**INPUT DATA**
------------------------------------------------
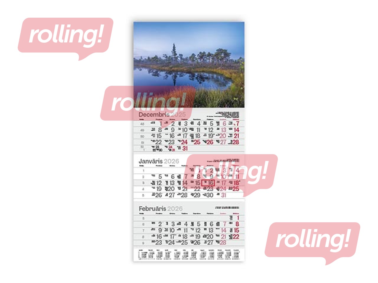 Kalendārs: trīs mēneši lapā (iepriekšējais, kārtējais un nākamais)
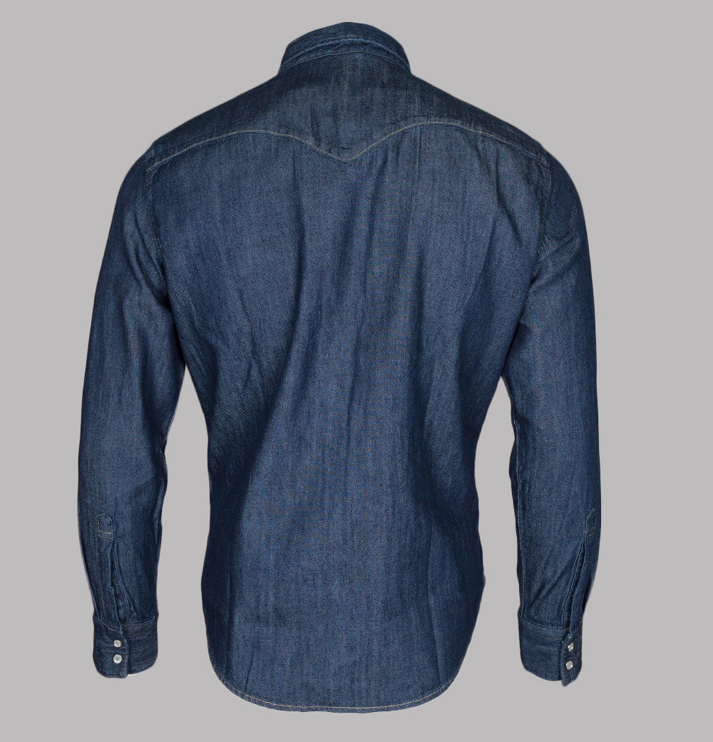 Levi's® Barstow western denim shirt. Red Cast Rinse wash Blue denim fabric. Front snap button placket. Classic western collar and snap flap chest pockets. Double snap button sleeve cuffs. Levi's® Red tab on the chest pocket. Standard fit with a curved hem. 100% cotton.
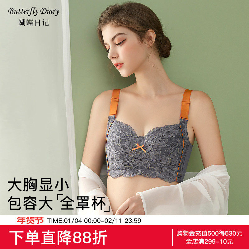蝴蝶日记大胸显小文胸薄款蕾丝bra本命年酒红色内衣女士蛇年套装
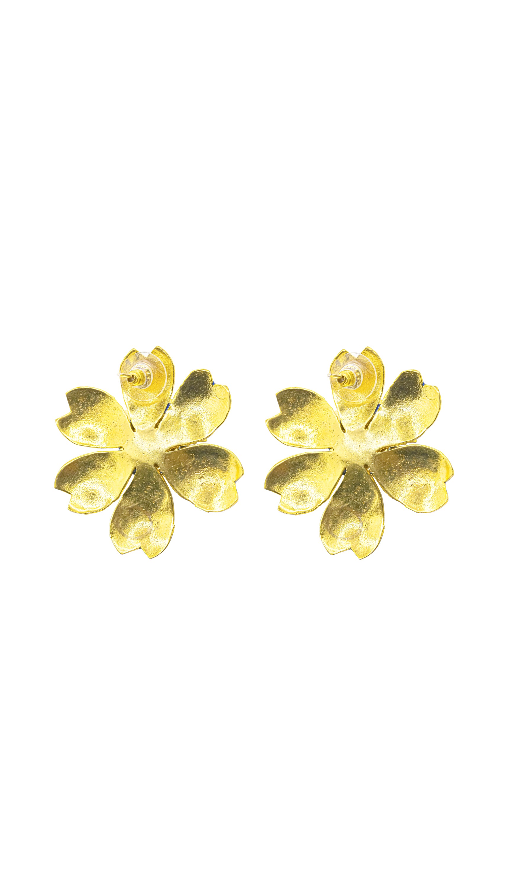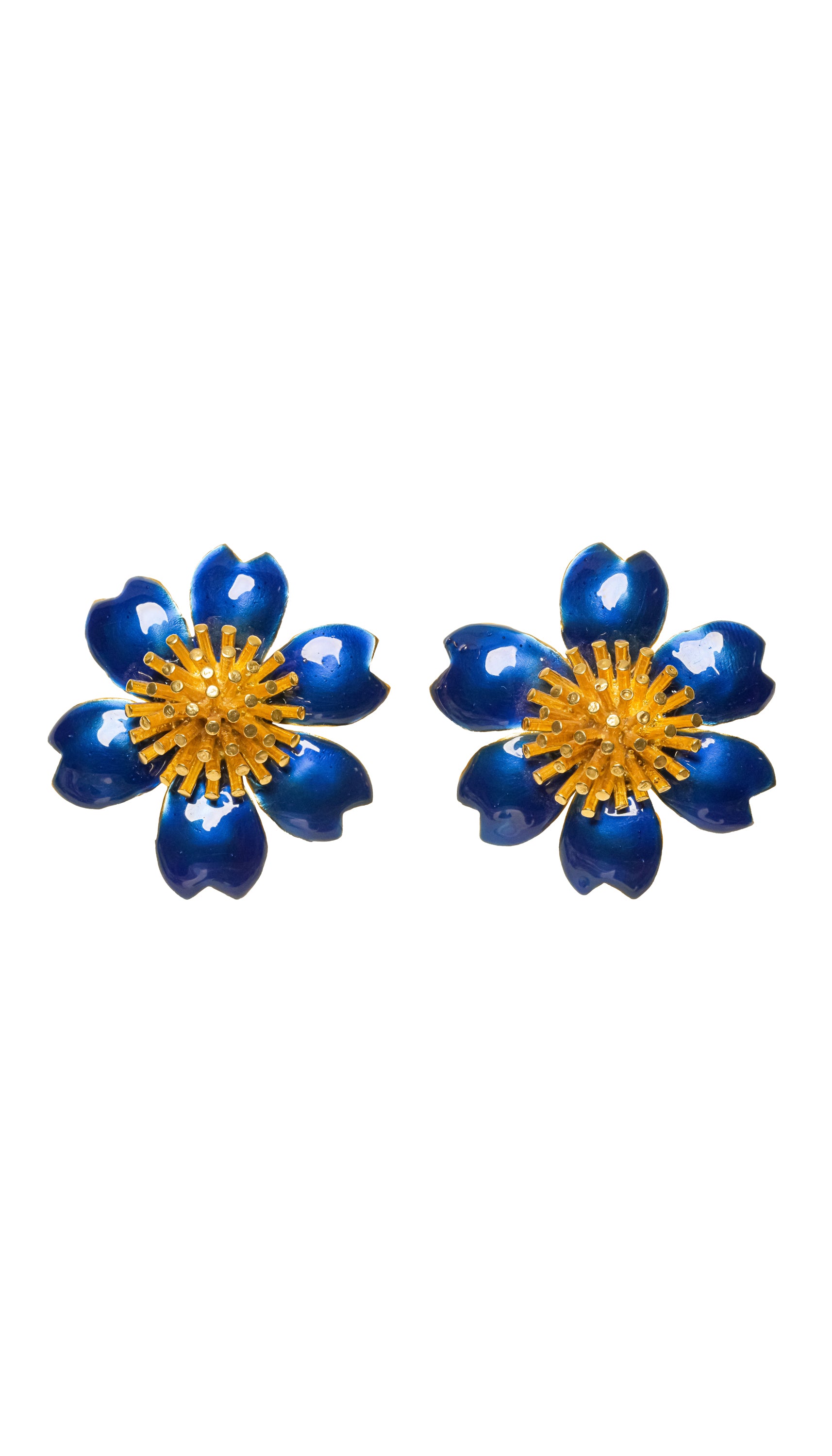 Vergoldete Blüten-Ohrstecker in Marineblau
------------------------------------------------
**PROBLEM STATEMENT**
The line containing "蝴蝶日记大胸显小文胸薄款蕾丝bra本命年酒红色内衣女士蛇年套装" and every line after it, through the end of the material above, are to be printed exactly; no pictures belong in the output.

**OUTPUT OF THE TASK**
蝴蝶日记大胸显小文胸薄款蕾丝bra本命年酒红色内衣女士蛇年套装
 Vergoldete Blüten-Ohrstecker in Marineblau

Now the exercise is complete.